No, Mrs. Elms did not run for the office of
Representative, Ward 3 last year in May 2005, when the seat was up.
Instead, Mrs. Elms’ former husband, Burnis Lawrence, ran unopposed.
And now Mrs. Elms is running for Mayor of Alpine. She is running
against her old friend, incumbent Mayor Mickey Clouse, who is the last
incumbent of the March 2003 six-person Alpine City Council which voted
$1.35 million in bonds for a water line to a new Border Patrol Station
(and surrounding private businesses) a mile outside the western city
limits.
The March 2003 council voted the $1.35 million to provide a water
pressure of 65 pounds per square inch (psi) to those at the Border
Patrol Station while lifelong residents were denied adequate water
pressure for bathing. The fact that the city had been cited by the
Texas Commission on Environmental Quality (TCEQ) was documented in the
city’s files but was not made public until we discovered it in a July
2003 Texas Public Information Act Request (TPIA).
Our review of the basic documents (agendas, minutes and newspaper
articles) shows that the bond in 2003 made a mockery of the TOMA. There
are several more examples of such secret insider deals which we have
written about and documented. It is the stuff of local politics and
wherever we go in this small town this is the subject of conversation.
This is in fact a public debate about water and all the assembled
lawyers in Texas cannot kill that debate — or the emails.
Which is not to presume that 83d District Attorney Frank Brown has any
opinion whatsoever about Alpine water. We have never heard any such
expression from him.
Such discussions in a democratic society either precede or
accompany public policy. Once the policy is decided, municipal
governments collect the taxes and utility fees which pay for the sewer
pipes and water wells. In 1993, after considerable public debate, we
decided to change the way we do that in Alpine.
In 1993 the voters of the city of Alpine adopted a Home Rule Charter.
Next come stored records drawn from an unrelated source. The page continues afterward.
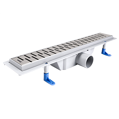 - Лотки с решеткой Это классический вариант, при котором сверху лотка устанавливается решетка для предотвращения попадания крупных частиц мусора. Такие лотки идеально подходят для использования в душевых зонах с высокой проходимостью.
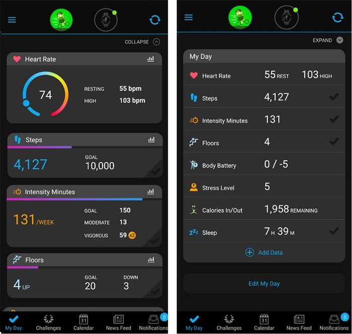 Tính năng mới trên Garmin Connect hiển thị biểu đồ chỉ số quan trọng một cách rõ ràng. Bạn có thể xem chi tiết nhịp tim, số bước, và số bậc thang đã leo.
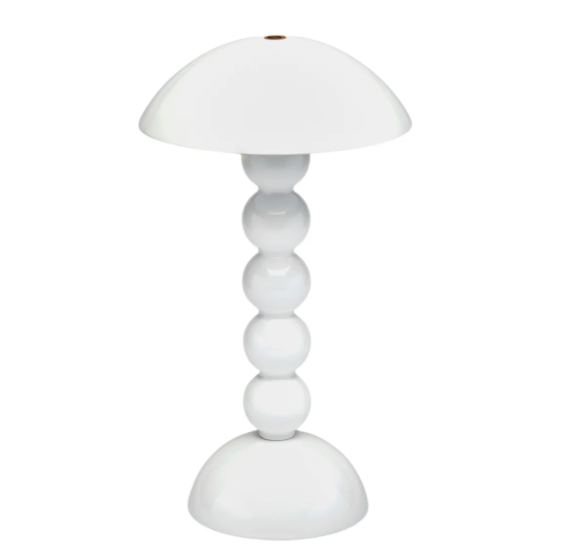 This White one-of-a-kind rechargeable lamp features a Bobbin-Shaped design. It offers up to 10 hours of battery life on its brightest setting and has three adjustable light levels.
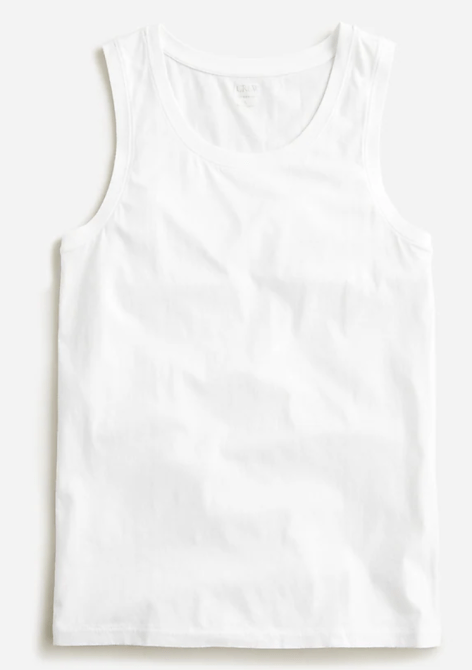 This look strikes a great balance between elevated and simple. The white tank and shorts are very casual but the leather accessories turn it into a true outfit. This would also work with a pair of Birkenstocks and a canvas tote bag.
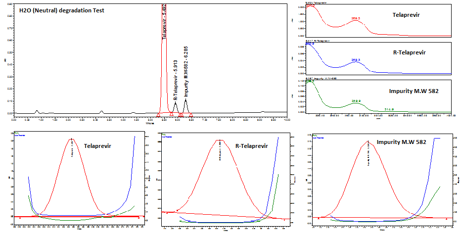 Each degraded sample was injected as such and spiked with R-Telaprevir. Peak purity for Telaprevir and the R-Telaprevir was ensured with a PDA detector. Telaprevir and the R-Telaprevir were well separated from the obtained degradation products.
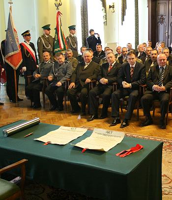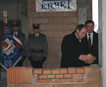 Prezydent Miasta Nowego Sącza Ryszard Nowak, ks. prałat Andrzej Jeż, parlamentarzyści – senator Stanisław Kogut i posłowie – Arkadiusz Mularczyk, Anna Paluch, Wiesław Janczyk, przewodniczący Rady Miasta – Artur Czernecki, sądeccy radni, wiceprzewodniczący Sejmiku Województwa Małopolskiego – Witold Kozłowski, wicestarosta sądecki – Mieczysław Kiełbasa, Wojewódzki Komendant Policji – Andrzej Rokita, Miejski Komendant Policji – Witold Bodziony wraz z zastępcami: Henrykiem Koziałem i Rafałem Leśniakiem uczestniczyli w uroczystym wmurowaniu aktu erekcyjnego w fundamentach budowanej, nowej Komendy Miejskiej Policji w Nowym Sączu. Na uroczystości przybyli także komendanci wszystkich służb mundurowych z terenu miasta.
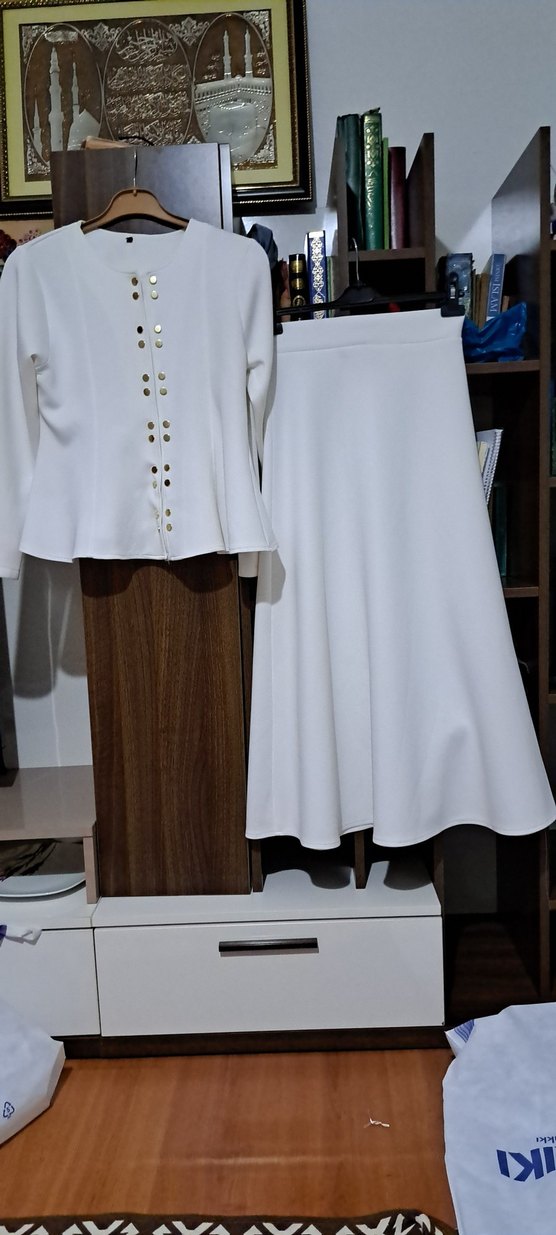 Düğmeli Beyaz Kadın Bluz ikili takım ETEK BEL 36 BOY 95
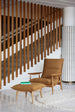 Materiaali: Runko vaneria ja massiivipuuta, istuinosassa metallirunko, pehmusteena vaahtomuovi ja Zig Zag-jouset, jalat ja käsinojat saarnia tai tammea.

That charter divided the city into five wards which elect
representatives for two-year terms.
The organizing principle in the charter was to empower the
representatives of the people who actually live in the five sections of
Alpine. In the past three elections (2003, 2004, 2005) the voters have
consistently elected persons who will consider their neighborhood
concerns. Previous councils, elected at-large, were perceived as “good
old boy” fixers who had other interests foremost. And specifically,
city leaders saw a declining participation in city elections by
Hispanic voters. The ward representative system was adopted for the
explicit purpose of taking government to the people and thereby
encouraging their participation, especially the Hispanics. The wards
were drawn to establish at least two Hispanic majority wards on the
Alpine south side.
The “good old boys” were not evil. But they did operate among a limited
set of political players. The Home Rule Charter attempts to balance the
scales by bringing the elected city council representatives closer to
those they represent.
And that is what is going on here. Voter turnout is respectable in the
city if not spectacular since the charter. In the past several years
since the awful 2003 west side water and sewer bond, voter turnout is
very good. It is superior certainly to the pathetic 5% in this year’s
partisan primary elections for state and county officers.
We know the arguments which can be put forward for growth and civic
investment on the prairie outside the city limits. But those arguments
are not made in public meetings nor in the newspapers.
Follow the money if you really want to find a violation of the TOMA.
More democracy is always messier than rule by an elite. Though it may
be “fraught with import and peril” (in MacCormack’s words), that is the
way we have chosen. •
(Also
published by the Big Bend Sentinel of Marfa, Texas March 6, 2006.)